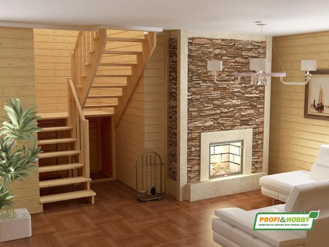 Деревянная межэтажная лестница ЛЕС-215, Сосна
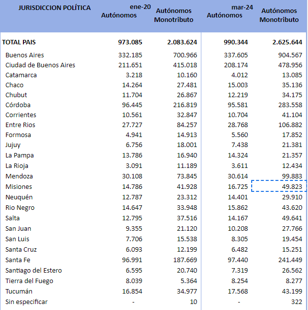 Solo en los primeros tres meses de 2024, en Misiones se produjo un incremento de casi mil nuevos monotributistas, pasando de 49.072 en enero al número de 49.823 en marzo.
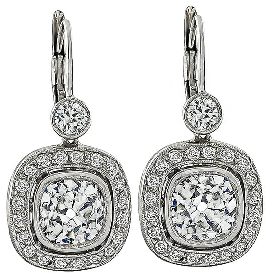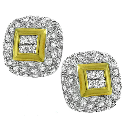 Estate 2.00ct Princess & Round Cut Diamond 18k White & Yellow Gold Earrings
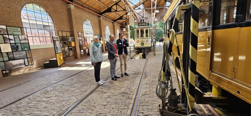 Dit museum is erg veelzijdig. Je vindt er gebouwen, voorwerpen en verhalen uit een ver verleden, maar ook herinneringen aan je eigen jeugd. We begonnen ons bezoek met een rondrit in de tram onder leiding van een enthousiaste conducteur. We bezochten een molen, de oude tramhalte, van Gend en Loos, een stolpboerderij, een school, het wit-gele-kruisgebouw, arbeiderswoningen, een scheepswerf, een bakker, een chinees restaurant, et cetera.
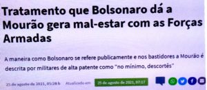 bleorgh.com – Colunista Bela Megale afirma que altas patentes militares acham descortês a forma que o Mito trata o vice Hamilton Mourão, um general de 04 estrelas. E daí? Vão trocar milhares de boquinhas num governo civil por um protesto na Esplanada? Duvido!
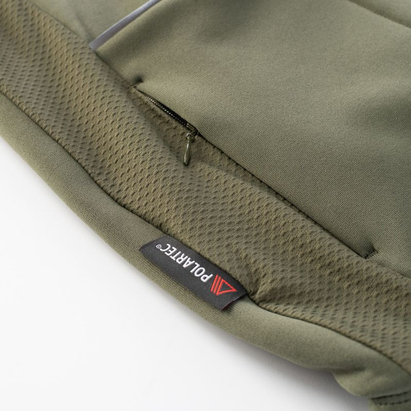 - Materiál: Polartec® Power Stretch®, 84 % polyester, 16 % spandex, 224 g/m².
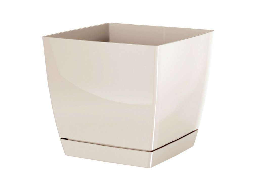 Květináč COUBI SQUARE P s miskou krémový 15,5 cm

· · · · · · ·

__What to work on__: The reply should consist only of the lines running from the one with "Dit museum is" through the end of the material, both included, copied exactly; please omit pictures.

__Solution to this exercise__:
 Dit museum is erg veelzijdig. Je vindt er gebouwen, voorwerpen en verhalen uit een ver verleden, maar ook herinneringen aan je eigen jeugd. We begonnen ons bezoek met een rondrit in de tram onder leiding van een enthousiaste conducteur. We bezochten een molen, de oude tramhalte, van Gend en Loos, een stolpboerderij, een school, het wit-gele-kruisgebouw, arbeiderswoningen, een scheepswerf, een bakker, een chinees restaurant, et cetera.
 bleorgh.com – Colunista Bela Megale afirma que altas patentes militares acham descortês a forma que o Mito trata o vice Hamilton Mourão, um general de 04 estrelas. E daí? Vão trocar milhares de boquinhas num governo civil por um protesto na Esplanada? Duvido!
 - Materiál: Polartec® Power Stretch®, 84 % polyester, 16 % spandex, 224 g/m².
 Květináč COUBI SQUARE P s miskou krémový 15,5 cm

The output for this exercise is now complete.